The task:
Write down the lines exactly as they appear, from the one that contains "বন্যার পানির চাপে ভেঙে গেল মুছাপুর স্লুইসগেট" through the final line of the records, so that both ends are kept and no pictures come along.

Source material:

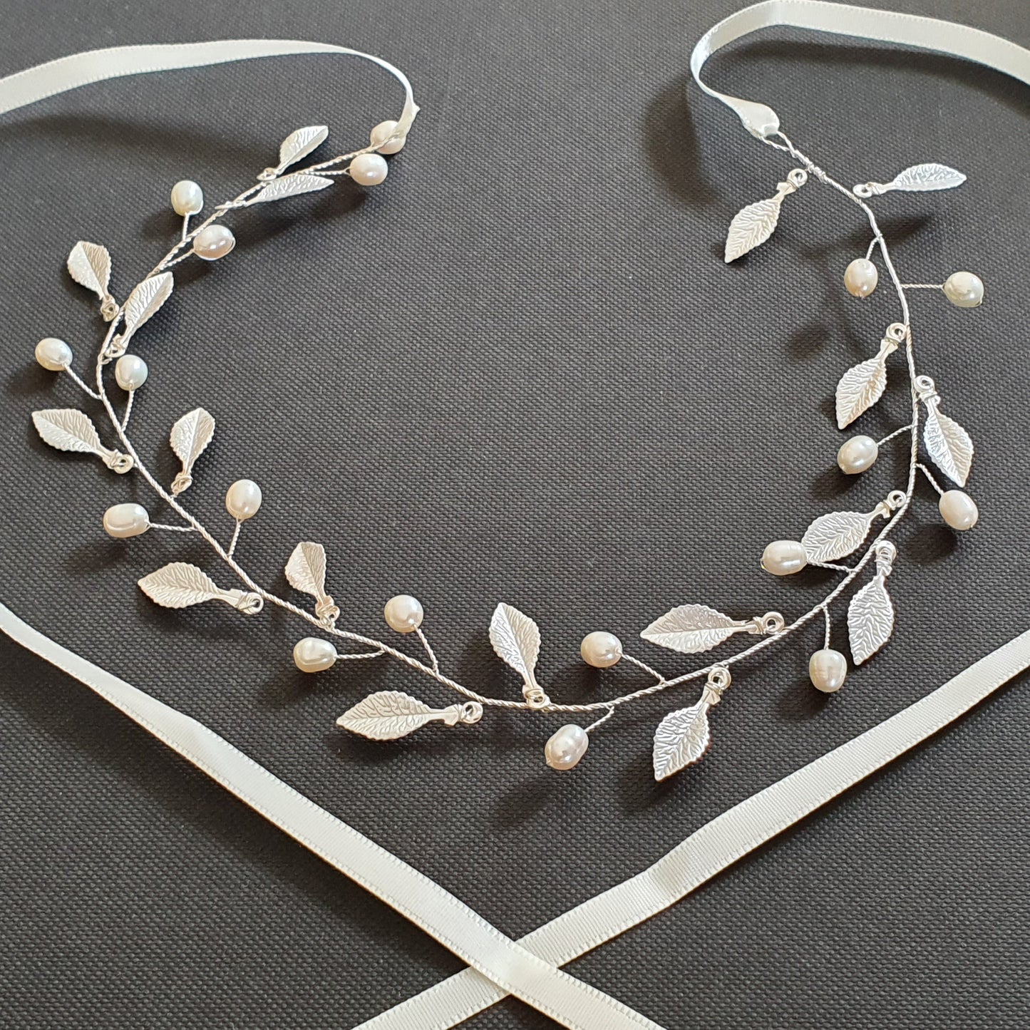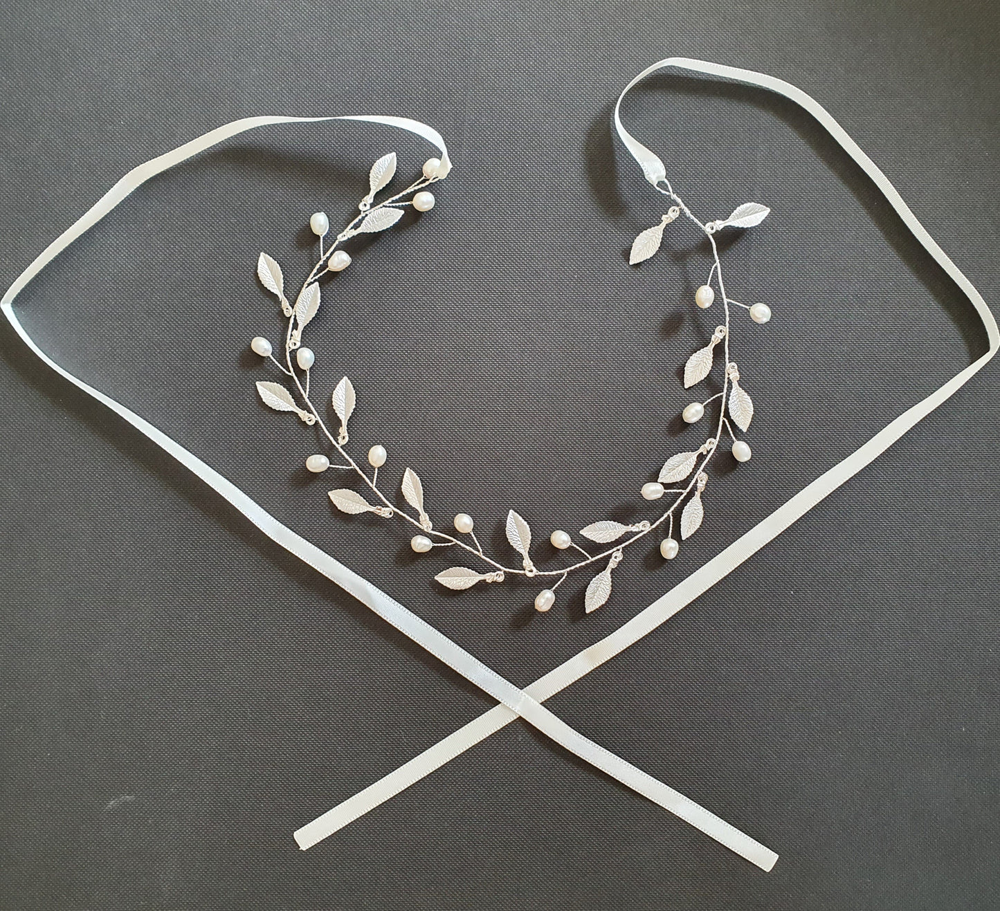 This gold leaf headpiece can be used as a bridal headband without the ribbon. The headpiece can be used with many hairstyles with long or short hairs.
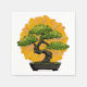 Uma bela ilustração de uma árvore bonsai que se senta num pote preto contra um fundo circular amarelo brilhante.
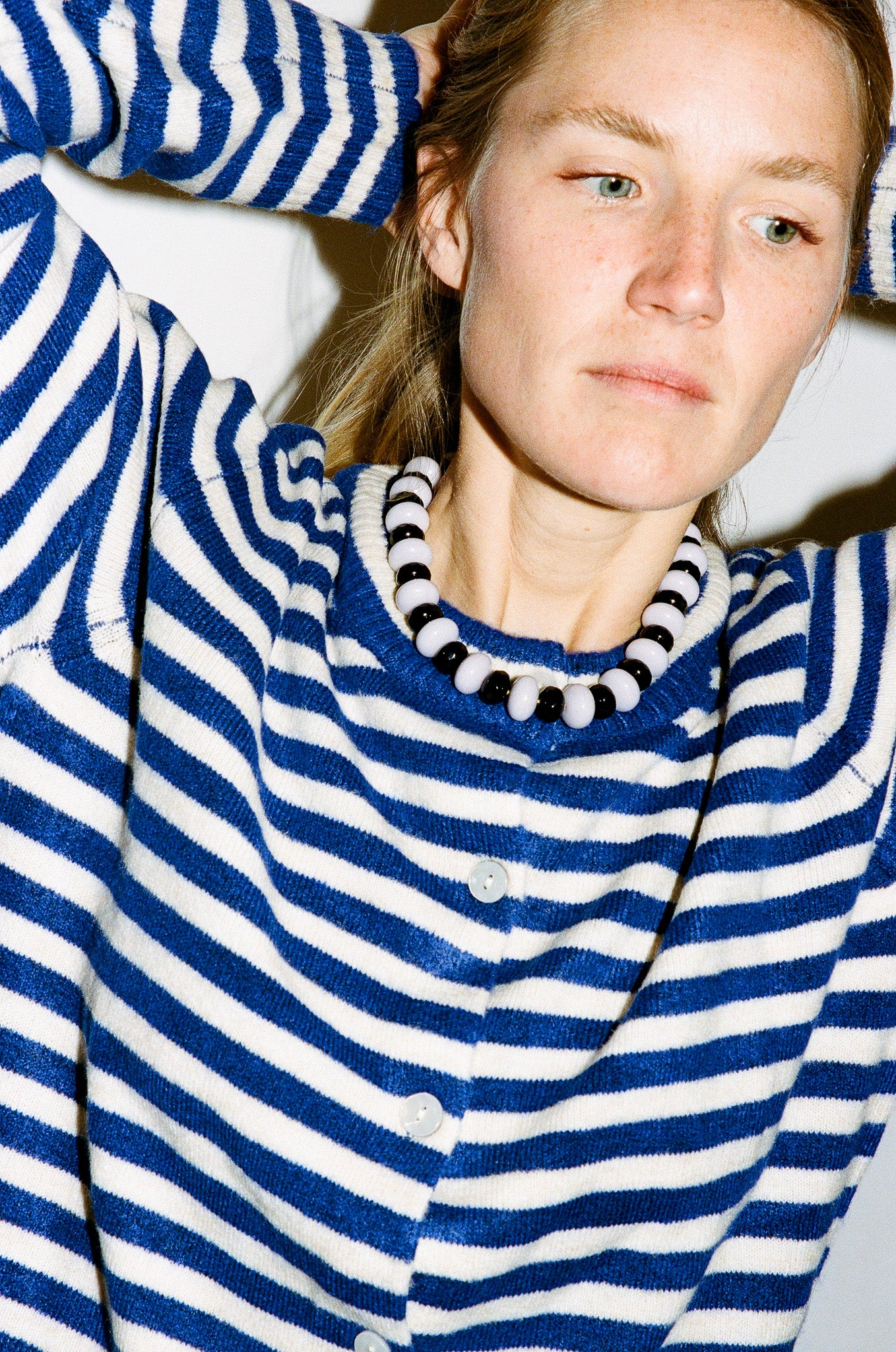 All of our jewelry is handmade in our atelier. Glass beads may have natural imperfections and are not perfectly identical, adding to the unique character of each piece.
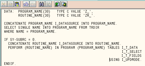 The logic that the generic code performs is simple: When the code calls the DataSource from SAP NetWeaver BI, it builds a program name with the DataSource technical name preceded by a Z_. For example, for the 0MATERIAL_ATTR DataSource, the code builds the program name Z_0MATERIAL_ATTR. Then, the system searches the program name table (TRDIR) to check if the program exists. If this is the case, the system calls a subroutine within the program Z_0MATERIAL_ATTR. The relevant information (data, selection, field name, update mode) is passed to the program, which can now perform the logic specific to the DataSource.
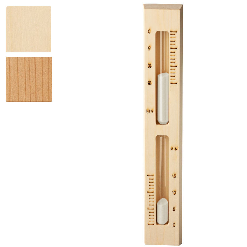 Hübsche Sanduhr aus Holz mit weißem Sand. Reicht für ca. 15 Minuten
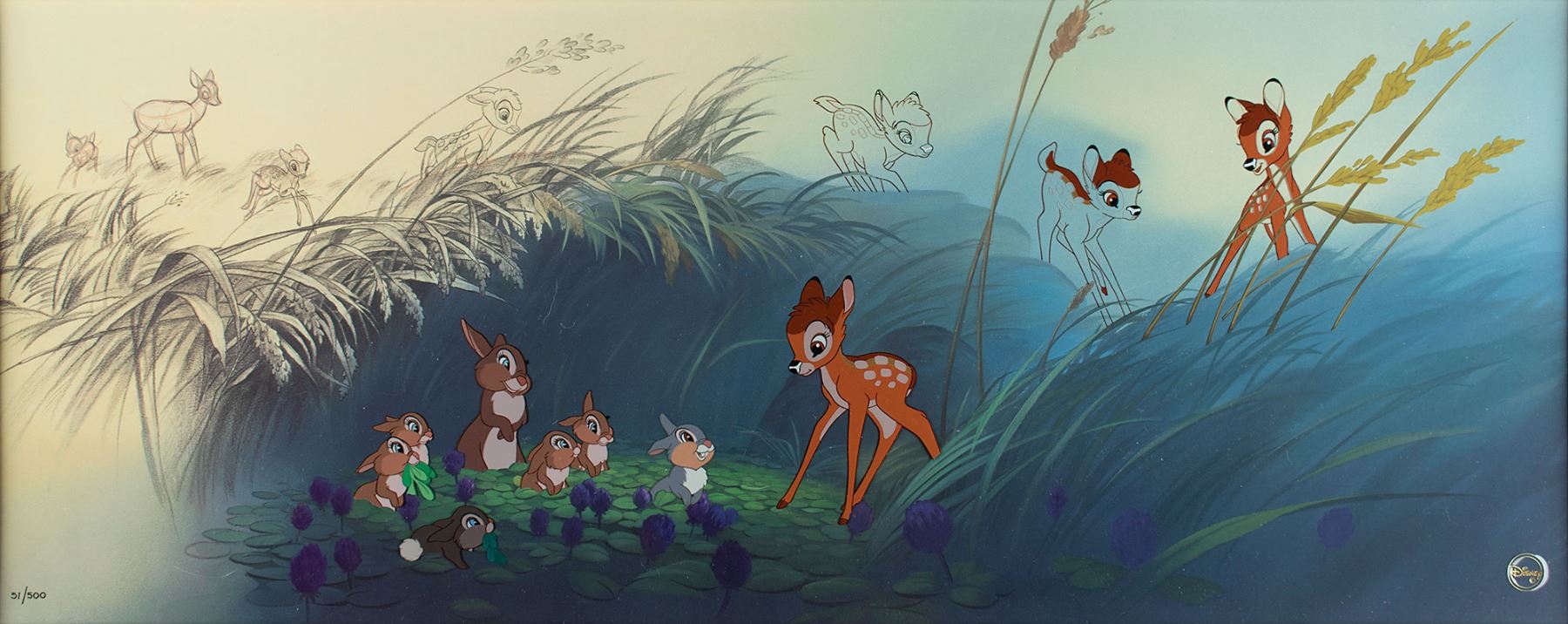 (Walt Disney Studios, 1998) Original limited edition hand-painted cel entitled 'Good Morning, Young Prince,' numbered 51/500, showing Bambi bounding through the meadow to meet up with his bunny friends. The cel is placed on its matching Disney litho background. Images range in size from 1 x 1 to 3 x 4.5, with a mat opening of 29 x 11.5. Framed to an overall size of 39.5 x 21.75. The piece has the silver Walt Disney Company seal to lower right. In fine condition. Accompanied by a certificate of authenticity from Disney Enterprises, Inc.
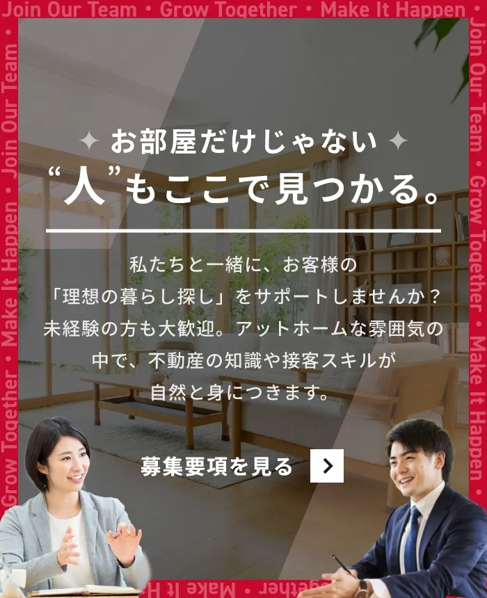 豊富な物件情報と地域密着のスタッフが、お客様の理想の住まい探しをサポートします。
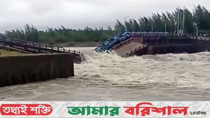বন্যার পানির চাপে ভেঙে গেল মুছাপুর স্লুইসগেট
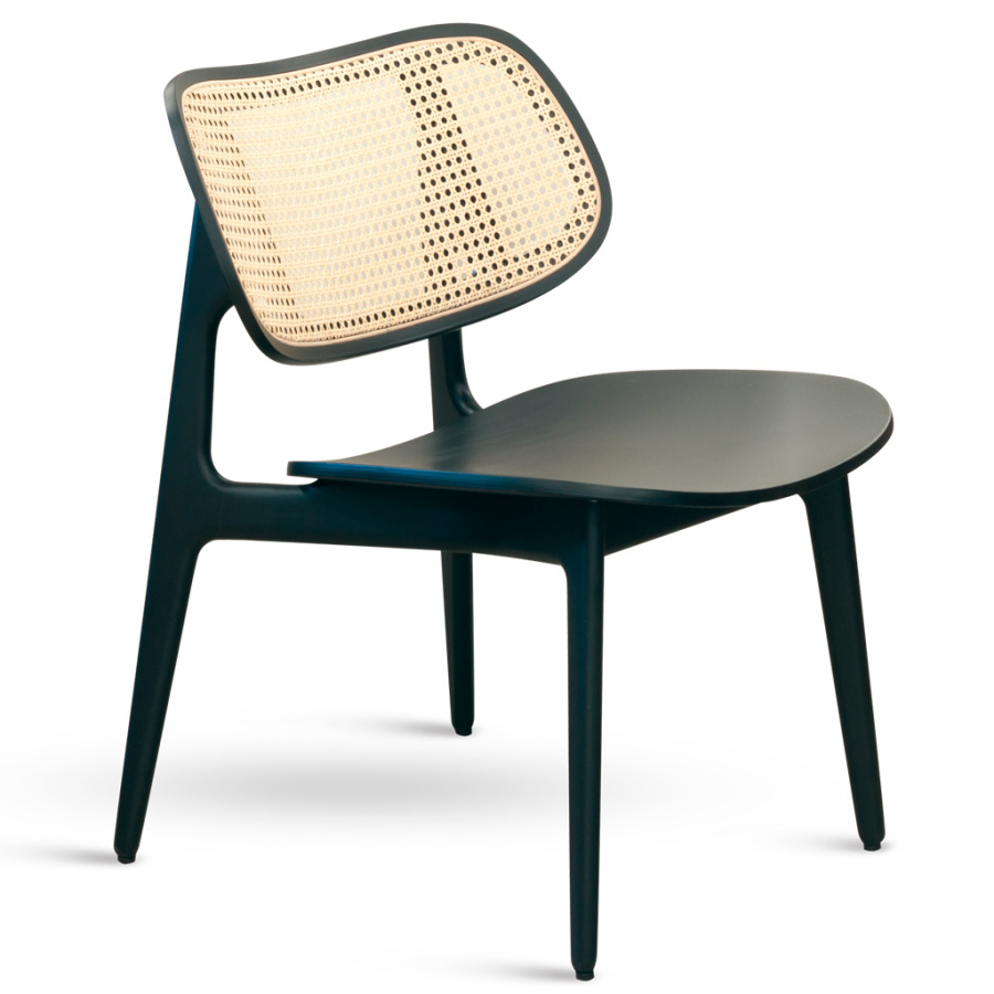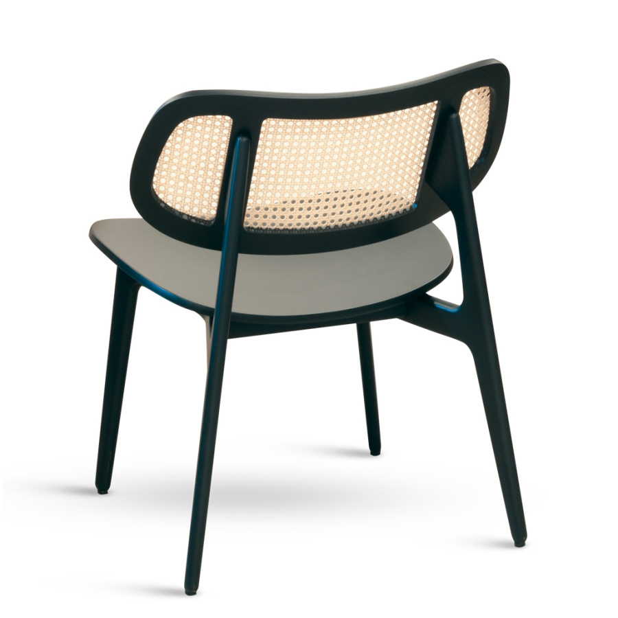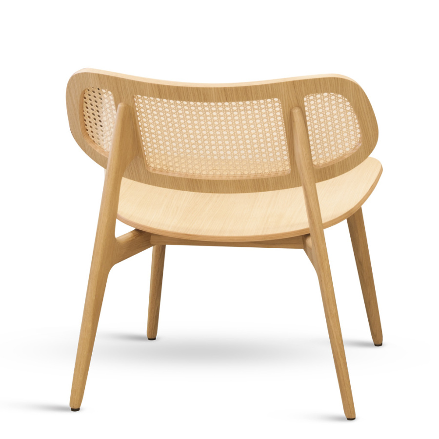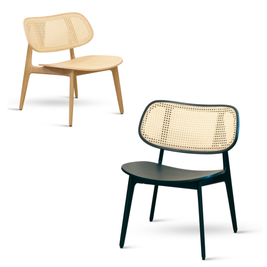 Židle BUNNY Lounge - s výpletem v opěrce. Nižší a širší, pro lobby bar, klubovnu či odpočinkový koutek doma. Nabízíme v provedení černý lak (kostra je buk) a přírodní dub masiv.

Exercise solution:
বন্যার পানির চাপে ভেঙে গেল মুছাপুর স্লুইসগেট
 Židle BUNNY Lounge - s výpletem v opěrce. Nižší a širší, pro lobby bar, klubovnu či odpočinkový koutek doma. Nabízíme v provedení černý lak (kostra je buk) a přírodní dub masiv.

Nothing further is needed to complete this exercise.